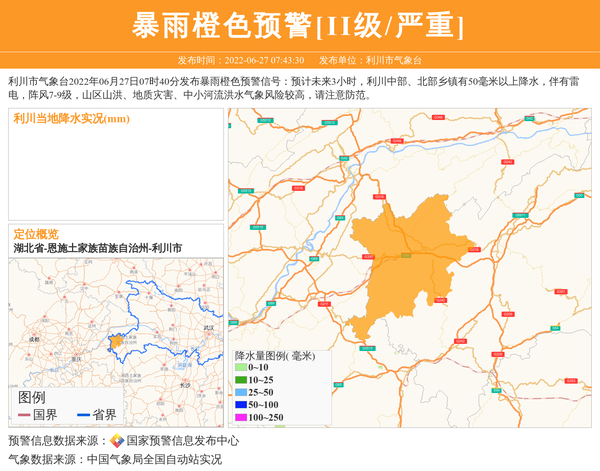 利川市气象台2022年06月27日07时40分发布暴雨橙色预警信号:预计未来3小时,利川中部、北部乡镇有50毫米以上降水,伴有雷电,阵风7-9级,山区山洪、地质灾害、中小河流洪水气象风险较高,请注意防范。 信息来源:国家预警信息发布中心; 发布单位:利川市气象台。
--
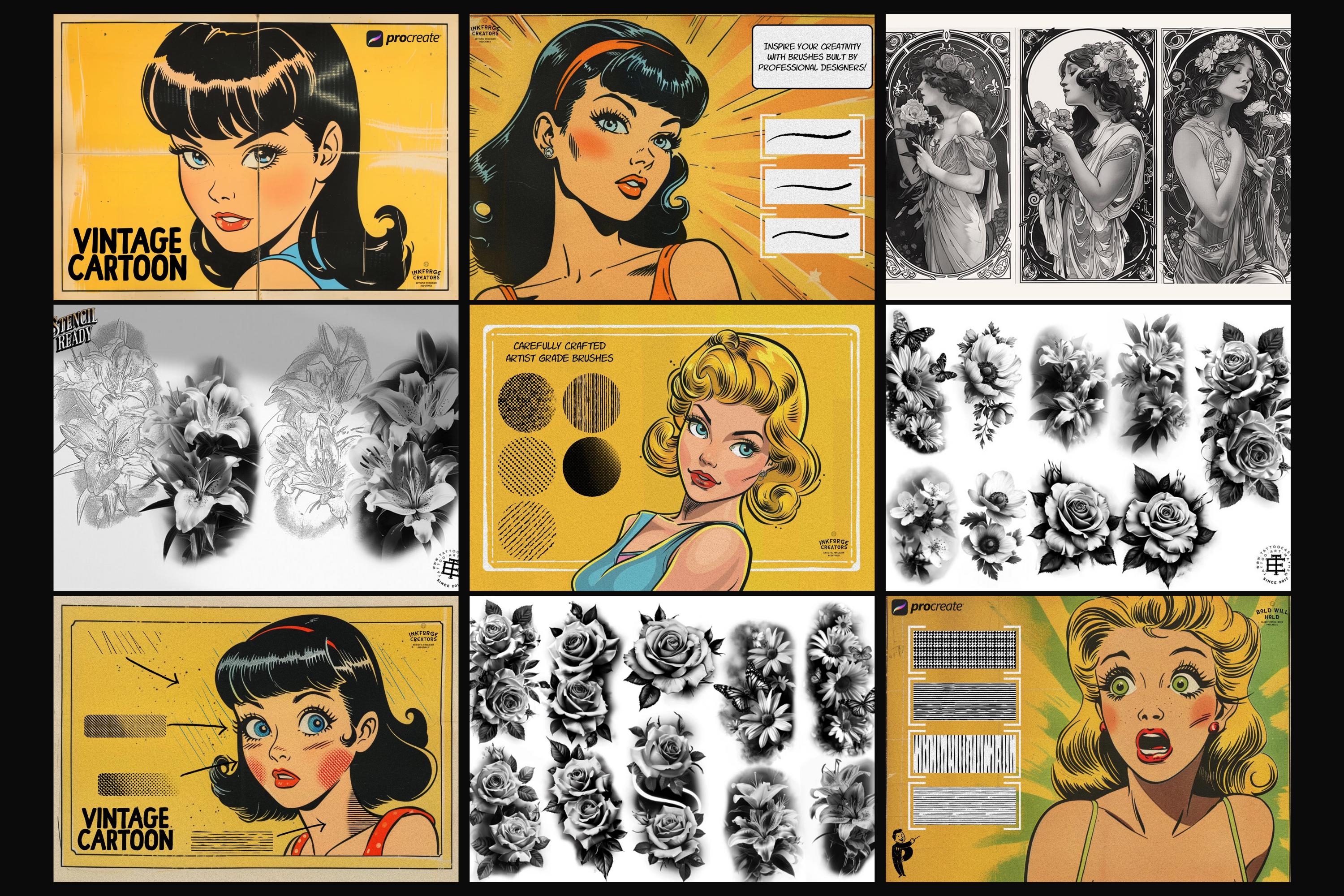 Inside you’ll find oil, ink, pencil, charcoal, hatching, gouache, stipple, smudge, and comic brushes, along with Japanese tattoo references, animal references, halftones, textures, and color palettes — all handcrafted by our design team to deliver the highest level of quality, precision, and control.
...
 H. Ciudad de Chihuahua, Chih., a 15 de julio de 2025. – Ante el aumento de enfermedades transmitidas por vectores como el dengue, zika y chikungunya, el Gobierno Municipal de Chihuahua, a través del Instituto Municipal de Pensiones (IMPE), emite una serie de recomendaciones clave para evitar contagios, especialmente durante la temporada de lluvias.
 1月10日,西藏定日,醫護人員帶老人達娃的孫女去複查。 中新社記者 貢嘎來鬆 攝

#### [ASSIGNMENT]
What is asked for is an exact copy of the lines above from the one containing "H. Ciudad de" through the one containing "1月10日,西藏定日,醫護人員帶老人達娃的孫女去複查。 中新社記者 貢嘎來鬆 攝", and only those.

#### [EXERCISE SOLUTION]
 H. Ciudad de Chihuahua, Chih., a 15 de julio de 2025. – Ante el aumento de enfermedades transmitidas por vectores como el dengue, zika y chikungunya, el Gobierno Municipal de Chihuahua, a través del Instituto Municipal de Pensiones (IMPE), emite una serie de recomendaciones clave para evitar contagios, especialmente durante la temporada de lluvias.
 1月10日,西藏定日,醫護人員帶老人達娃的孫女去複查。 中新社記者 貢嘎來鬆 攝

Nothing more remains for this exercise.